The plaintiff then discovered that the defendant had used this image alongside a poem – ‘Love in March, amongst Peach Blossoms’. The image was published without obtaining the plaintiff’s permission and without the plaintiff’s watermark.

Original work by a human

The court held that the image qualifies as an original work of human intellectual achievement under applicable Chinese copyright law. Through various prompts, the plaintiff designed the character, the composition and layout of the image. These prompts reflected the plaintiff’s personal judgement, choice and arrangement. The work was therefore held to be the outcome of the intellectual effort of the plaintiff – a natural person. The court also states that this is a case-by-case assessment.

Further, the work was original since the creation of the AI generated image was not held to be a mechanical exercise involving the application of given sequences, formulas or structures. Rather, the court held that generation of the image by the plaintiff involved independent thought and personal judgement (through the prompts). This was also evidenced by the fact that different images can be created with different prompts.

IPKat questions the mechanical exercise reasoning here. It is also worth noting that some negative prompts were copied and pasted by the plaintiff from anonymous user’s shared content in an online forum.
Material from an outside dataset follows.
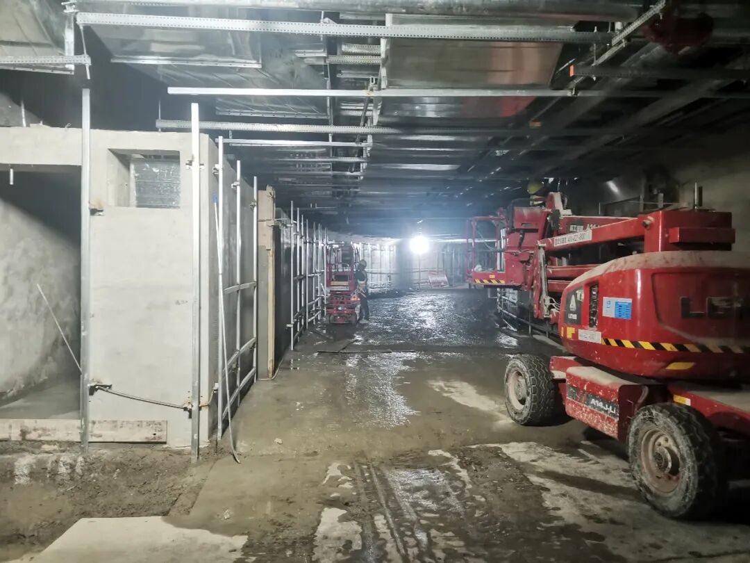 7日上午,記者來到原中山商城中山路出入口看見,原來的出入口已被封閉,原有建筑也被拆除,變身成了一個網(wǎng)紅景觀,夜間會有絢麗燈光。而在老舍公園段原安徽路出入口,原有的商城建筑也被拆除了,新的出入口正在緊張施工當中。進入圍擋,可以看到一個新開通的通道,順著該通道,記者一路前行深入地下。商城內(nèi)原有的門店,都已被拆除,取而代之的是繁忙的施工景象,各類機械往來穿梭,身穿反光背心的工人們,或搬運鋼筋或緊固接口。

Thoughts on commissioned works

The court notes that in the process of generating the image, the plaintiff did not ‘draw the specific lines or fully direct the Stable Diffusion model on how to draw these lines and colours’. Instead, the lines and colours were primarily ‘drawn’ by the Stable Diffusion model. In this regard, the court characterises the AI model as similar to that of a human being who has gained skills through training and learning and is capable of drawing on behalf of humans. Similar to a commissioned artist.

Having said this, the court says that there are major differences between commissioned works and AI generated works. The differences being one of free will and legal personality. While a commissioned artist has their own will to exercise judgement and choice, an AI model does not. And an AI model lacks legal personality.
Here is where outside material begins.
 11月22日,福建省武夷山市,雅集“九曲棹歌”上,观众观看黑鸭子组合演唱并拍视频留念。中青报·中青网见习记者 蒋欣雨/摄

On the lack of free will and judgement, the US Copyright Office appears to have a different view. In its decision on whether prompts qualify as sufficient human input, the USCO observed that prompts are not ‘direct instructions’ which AI models understand like humans do. Also, outputs are a result of the AI model’s interpretation of the prompts and its training dataset.

In a sense, AI models may be exercising some ‘free will’ / judgement shaped by prompts and training datasets. At the same time, the free will of a commissioned artist is not entirely free since it is shaped by the instructions provided by the person commissioning the work.

That said, both jurisdictions still require human authorship.

Other developments

The USCO has issued guidelines on ‘de minimis’ use of AI (in such instances disclosures or disclaimers are not required) (here, here, here). The guidelines also include a list of illustrations to help understand what kind of uses would qualify as de minimis. As reported, the Review Board of the USCO has refused to register a work created using AI four times as of December 2023.

Interestingly, the most recent refusal was for a work Suryast naming an AI tool Raghav as the creator. We covered Sahni’s attempt at the USCO here. Sahni also attempted to register an image created by the same tool before the Indian Copyright Office (here and here). Mr. Sahni has also successfully secured copyright registration for ‘Suryast’ in Canada, where an author of a protected work must necessarily be human. Speaking about this, Mr. Sahni said that his creativity and skills were inseparable from the contribution of the AI tool, and therefore, they were co-authors, or joint authors under the Canadian law. 

In China, this is not the first case involving copyright and works generated using AI. There were two other cases: Feilin v. Baidu (Beijing Internet Court, 2019) and Shenzhen Tencent v. Shanghai Yingxun (Shenzhen Nanshan District People’s Court, 2019) outcomes of at least one of which are different from the Li v. Liu case.